Exercise:
Write out, without any change, the lines in the material below that run from the line with "ГЛОБАЛЬНЫЕ ЗАДАЧИСОВРЕМЕННОЙ ШКОЛЫ" through the line with "The best way", both included.

Source material:
--*--

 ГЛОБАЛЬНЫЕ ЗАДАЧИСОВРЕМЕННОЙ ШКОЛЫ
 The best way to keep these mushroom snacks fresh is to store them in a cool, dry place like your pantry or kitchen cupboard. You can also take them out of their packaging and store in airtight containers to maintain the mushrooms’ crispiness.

--*--

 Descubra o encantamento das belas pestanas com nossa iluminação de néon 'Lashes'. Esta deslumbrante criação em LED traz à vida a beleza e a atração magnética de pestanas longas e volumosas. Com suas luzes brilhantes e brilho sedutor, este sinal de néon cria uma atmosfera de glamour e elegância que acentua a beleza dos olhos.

--*--

Solution for this task:
 ГЛОБАЛЬНЫЕ ЗАДАЧИСОВРЕМЕННОЙ ШКОЛЫ
 The best way to keep these mushroom snacks fresh is to store them in a cool, dry place like your pantry or kitchen cupboard. You can also take them out of their packaging and store in airtight containers to maintain the mushrooms’ crispiness.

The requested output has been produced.